*INSTRUCTIONS FOR THE TASK*
What is needed is the full set of records, word for word, with no pictures.
___
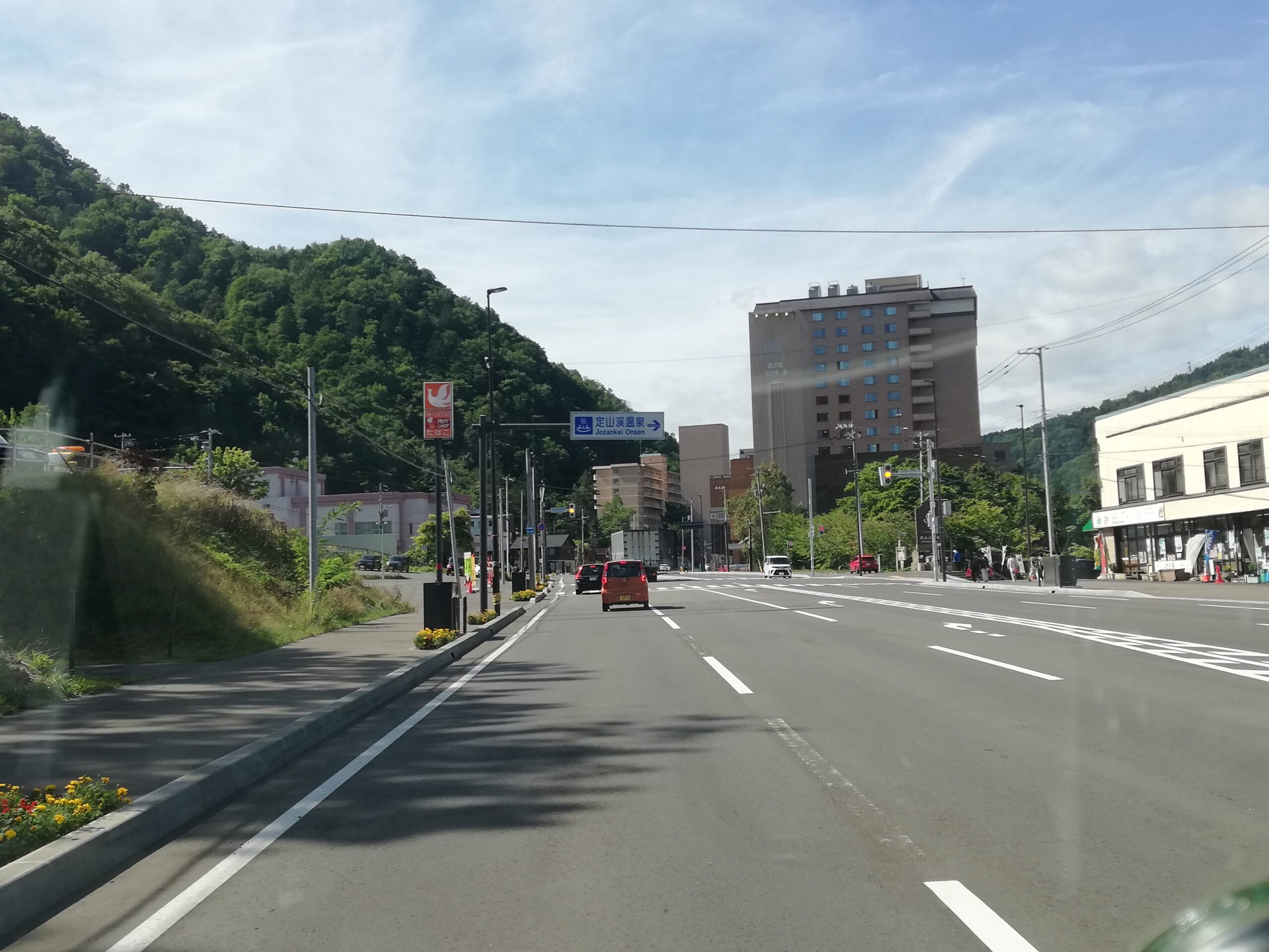 定山渓温泉を横目に見て
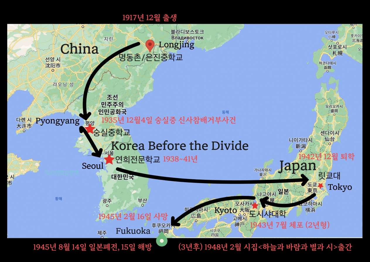 역사가 흔들리는 암흑기, 피 냄새가 진동하는 전쟁의 시기에 태어나고 돌아간 동주, 그래도 그때는 한반도가 나뉘기 전이라 동주는 한중일 동북아시아 대륙을 두루 오가며 학업을 계속 이어갈 수 있었습니다.
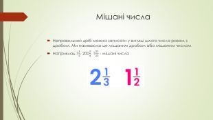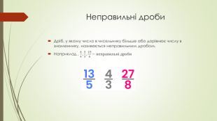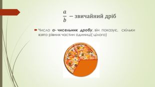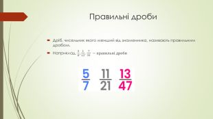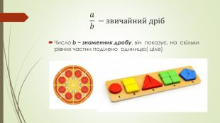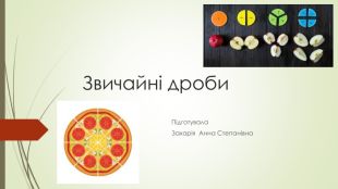 Презентація «Звичайні дроби» пояснює основні поняття про дроби для учнів. У ній подано визначення чисельника та знаменника, а також правила порівняння дробів з однаковими знаменниками. Крім того, розглядаються типи дробів: правильні, неправильні та мішані числа
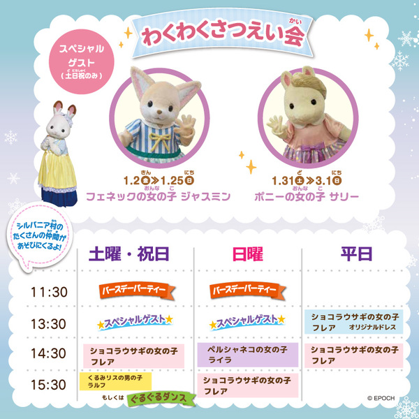 ウィンターフェスタでは、シルバニア村の仲間たちとの撮影会を実施。お気に入りのあの子と一緒に写真が撮れるチャンスだ。また、来場記念クイズラリーで全問正解するとシルバニアの赤ちゃん人形がもらえるところもうれしい。
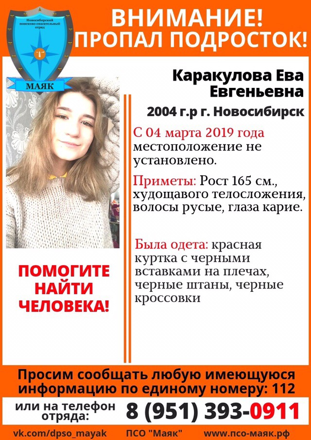 Поисковый отряд «Маяк» просит помощи в розыске и распространении информации о пропавшей несовершеннолетней Еве Каракуловой 2004 года рождения.
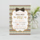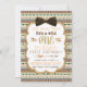 Convite de festa de um ano do menino tribal selvagem com flechas tribais e gravata borboleta marrom em um fundo com design indígena americano sudoeste Azteca. Você pode personalizar facilmente este convite de primeiro aniversário tribal simplesmente adicionando os detalhes do seu evento. Este é um design impresso sem laços reais, glitter, etc.
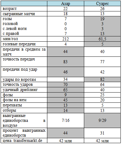 В целом, из таблицы выше мы видим, что Азар и Суарес имеют очень схожие показатели, это техничные игроки, способные как создавать моменты для себя, так и ассистировать партнерам. Но все-таки Луис заслуживает отдельных комплиментов, в нем прекрасно сочетаются навыки атакующего полузащитника с данными наконечника копья.
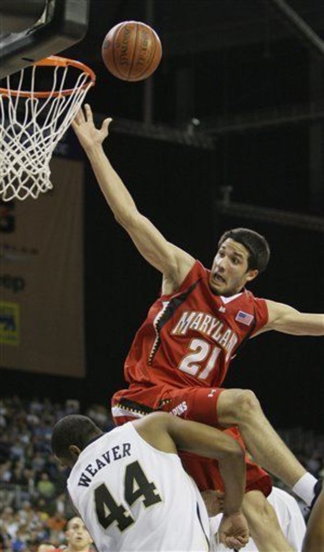 Maryland’s Greivis Vasquez skies over Wake Forest centerDavid Weaver. (AP Photo/John Bazemore)
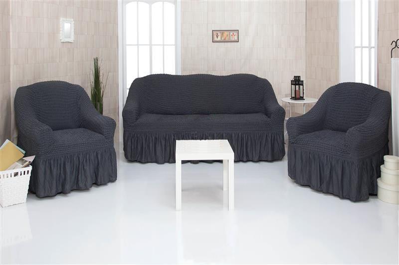 Чехлы натяжные на диван 3-х местный и два кресла venera 01-229 (универсальные) темно-серый...
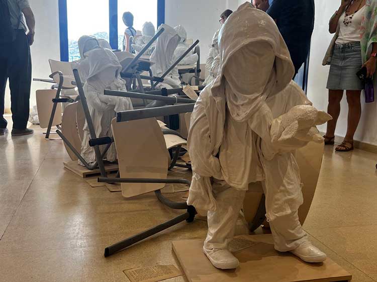 Així mateix, hi hagueren dues exposicions: “Mostra bibliogràfica de llibres de periodistes catalans a l’exili” comentada per Josep M. Figueres i “Veus exiliades”, una exposició artística, interpretada per la seva autora, Jimena Lucas, la qual ens oferí una performance teatral i conceptual que reflectia el silenci forçat de la infància a l'exili i l'exili dels periodistes.
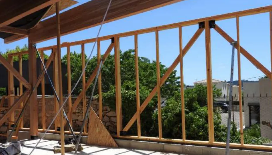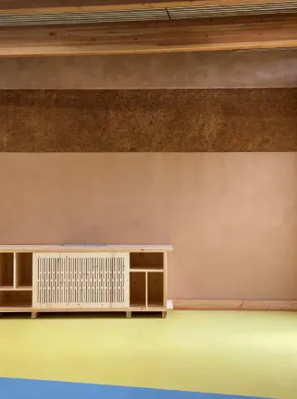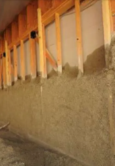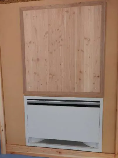 - Salle : enduit chaux - isolation en béton de chanvre - ossature bois - enduit terre (R = 5,4 m².K/W)
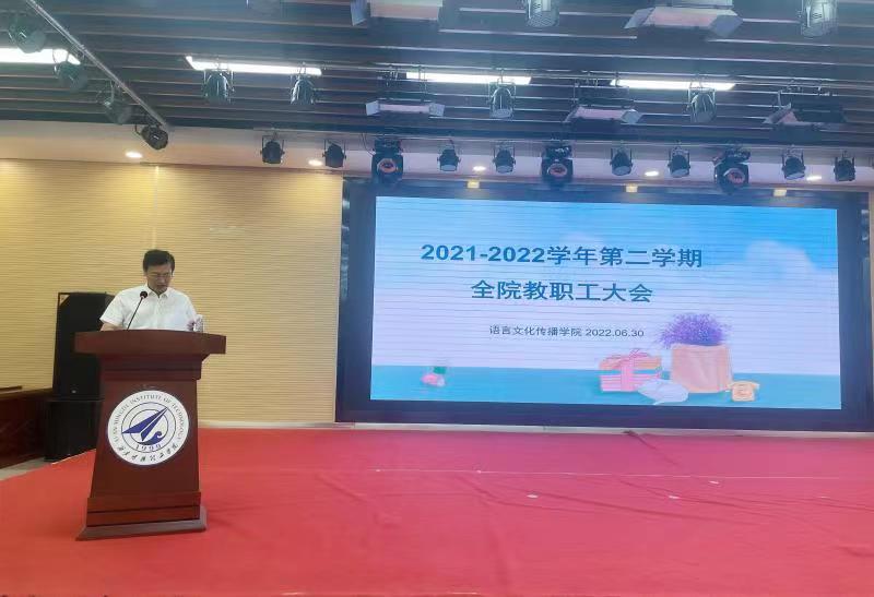 6月30日下午,在建德楼203,语言文化传播学院召开全院教职工大会。学院全体教职工参会,副院长刘勇教授主持会议。
___
*YOUR SOLUTION*
 定山渓温泉を横目に見て
 역사가 흔들리는 암흑기, 피 냄새가 진동하는 전쟁의 시기에 태어나고 돌아간 동주, 그래도 그때는 한반도가 나뉘기 전이라 동주는 한중일 동북아시아 대륙을 두루 오가며 학업을 계속 이어갈 수 있었습니다.
 Презентація «Звичайні дроби» пояснює основні поняття про дроби для учнів. У ній подано визначення чисельника та знаменника, а також правила порівняння дробів з однаковими знаменниками. Крім того, розглядаються типи дробів: правильні, неправильні та мішані числа
 ウィンターフェスタでは、シルバニア村の仲間たちとの撮影会を実施。お気に入りのあの子と一緒に写真が撮れるチャンスだ。また、来場記念クイズラリーで全問正解するとシルバニアの赤ちゃん人形がもらえるところもうれしい。
 Поисковый отряд «Маяк» просит помощи в розыске и распространении информации о пропавшей несовершеннолетней Еве Каракуловой 2004 года рождения.
 Convite de festa de um ano do menino tribal selvagem com flechas tribais e gravata borboleta marrom em um fundo com design indígena americano sudoeste Azteca. Você pode personalizar facilmente este convite de primeiro aniversário tribal simplesmente adicionando os detalhes do seu evento. Este é um design impresso sem laços reais, glitter, etc.
 В целом, из таблицы выше мы видим, что Азар и Суарес имеют очень схожие показатели, это техничные игроки, способные как создавать моменты для себя, так и ассистировать партнерам. Но все-таки Луис заслуживает отдельных комплиментов, в нем прекрасно сочетаются навыки атакующего полузащитника с данными наконечника копья.
 Maryland’s Greivis Vasquez skies over Wake Forest centerDavid Weaver. (AP Photo/John Bazemore)
 Чехлы натяжные на диван 3-х местный и два кресла venera 01-229 (универсальные) темно-серый...
 Així mateix, hi hagueren dues exposicions: “Mostra bibliogràfica de llibres de periodistes catalans a l’exili” comentada per Josep M. Figueres i “Veus exiliades”, una exposició artística, interpretada per la seva autora, Jimena Lucas, la qual ens oferí una performance teatral i conceptual que reflectia el silenci forçat de la infància a l'exili i l'exili dels periodistes.
 - Salle : enduit chaux - isolation en béton de chanvre - ossature bois - enduit terre (R = 5,4 m².K/W)
 6月30日下午,在建德楼203,语言文化传播学院召开全院教职工大会。学院全体教职工参会,副院长刘勇教授主持会议。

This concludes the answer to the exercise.